*** Dataset records

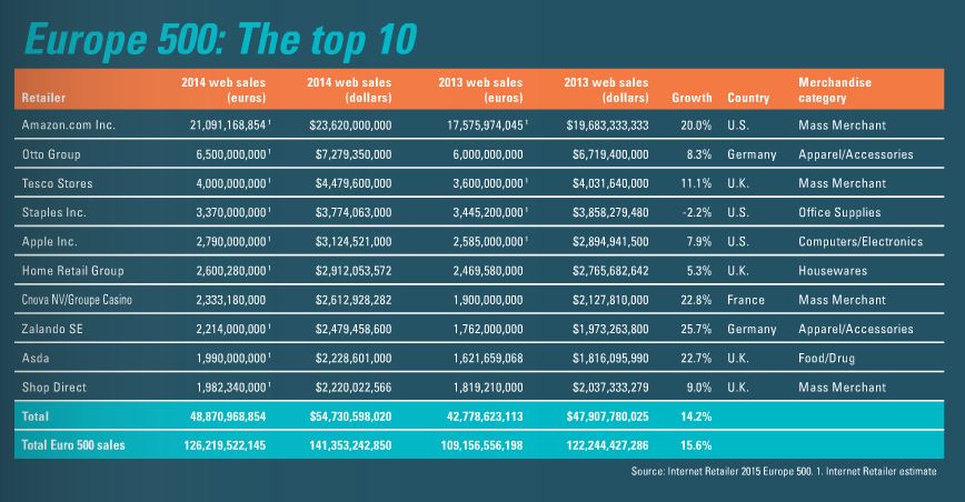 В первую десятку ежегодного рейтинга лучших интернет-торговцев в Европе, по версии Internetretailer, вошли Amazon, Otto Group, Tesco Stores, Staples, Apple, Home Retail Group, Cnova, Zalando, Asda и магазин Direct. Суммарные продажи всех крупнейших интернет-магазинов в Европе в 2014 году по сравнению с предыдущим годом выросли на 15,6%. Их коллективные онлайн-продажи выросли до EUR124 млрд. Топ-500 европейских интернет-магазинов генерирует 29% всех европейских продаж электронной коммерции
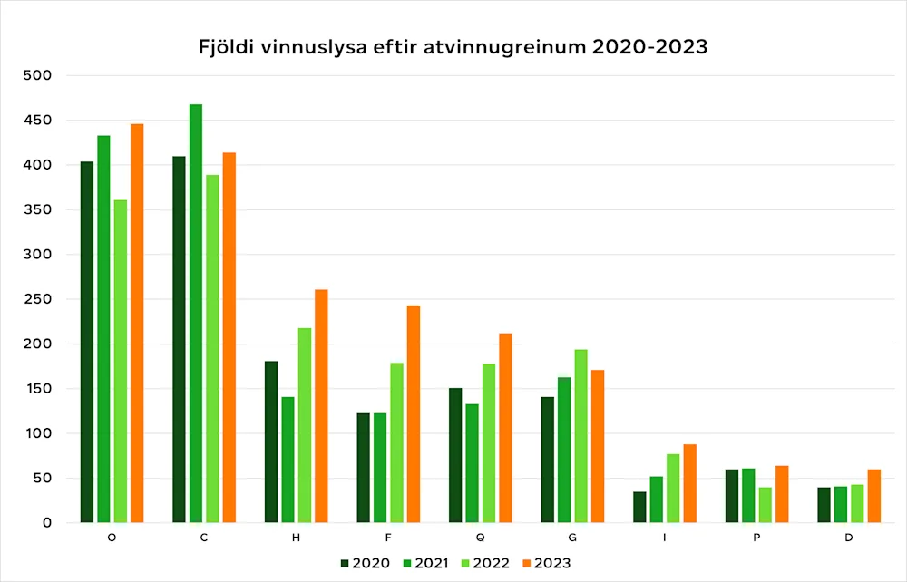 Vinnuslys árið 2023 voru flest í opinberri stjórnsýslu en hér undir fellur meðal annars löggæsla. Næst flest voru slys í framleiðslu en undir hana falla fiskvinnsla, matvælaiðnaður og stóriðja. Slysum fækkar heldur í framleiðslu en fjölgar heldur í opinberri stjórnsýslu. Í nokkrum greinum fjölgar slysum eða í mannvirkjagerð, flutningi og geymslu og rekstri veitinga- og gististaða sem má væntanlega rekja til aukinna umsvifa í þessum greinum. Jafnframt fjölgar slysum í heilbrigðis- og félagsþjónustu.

******
*** Dataset records

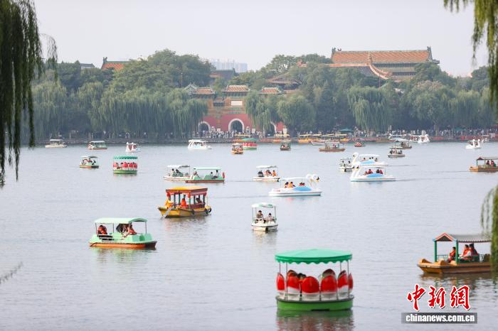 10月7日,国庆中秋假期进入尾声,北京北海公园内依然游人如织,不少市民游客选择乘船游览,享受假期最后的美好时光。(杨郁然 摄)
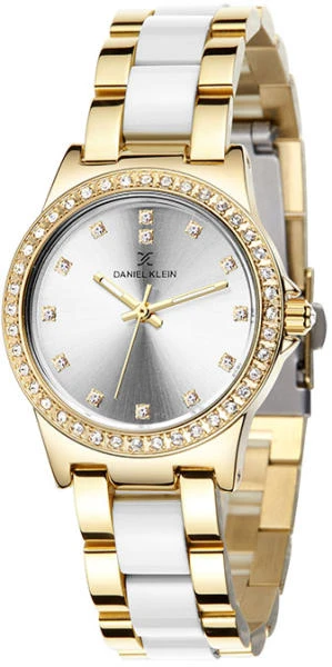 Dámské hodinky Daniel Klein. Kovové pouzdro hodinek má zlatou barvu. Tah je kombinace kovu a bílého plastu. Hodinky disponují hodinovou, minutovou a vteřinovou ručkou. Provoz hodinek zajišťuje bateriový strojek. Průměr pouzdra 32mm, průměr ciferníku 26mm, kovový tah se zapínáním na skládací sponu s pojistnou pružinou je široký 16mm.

******

_Problem requirements:_
From the records above, copy only the lines running from the line containing "В первую десятку" to the line containing "Vinnuslys árið 2023", both ends included. Leave the pictures out.

_Task answer:_
 В первую десятку ежегодного рейтинга лучших интернет-торговцев в Европе, по версии Internetretailer, вошли Amazon, Otto Group, Tesco Stores, Staples, Apple, Home Retail Group, Cnova, Zalando, Asda и магазин Direct. Суммарные продажи всех крупнейших интернет-магазинов в Европе в 2014 году по сравнению с предыдущим годом выросли на 15,6%. Их коллективные онлайн-продажи выросли до EUR124 млрд. Топ-500 европейских интернет-магазинов генерирует 29% всех европейских продаж электронной коммерции
 Vinnuslys árið 2023 voru flest í opinberri stjórnsýslu en hér undir fellur meðal annars löggæsla. Næst flest voru slys í framleiðslu en undir hana falla fiskvinnsla, matvælaiðnaður og stóriðja. Slysum fækkar heldur í framleiðslu en fjölgar heldur í opinberri stjórnsýslu. Í nokkrum greinum fjölgar slysum eða í mannvirkjagerð, flutningi og geymslu og rekstri veitinga- og gististaða sem má væntanlega rekja til aukinna umsvifa í þessum greinum. Jafnframt fjölgar slysum í heilbrigðis- og félagsþjónustu.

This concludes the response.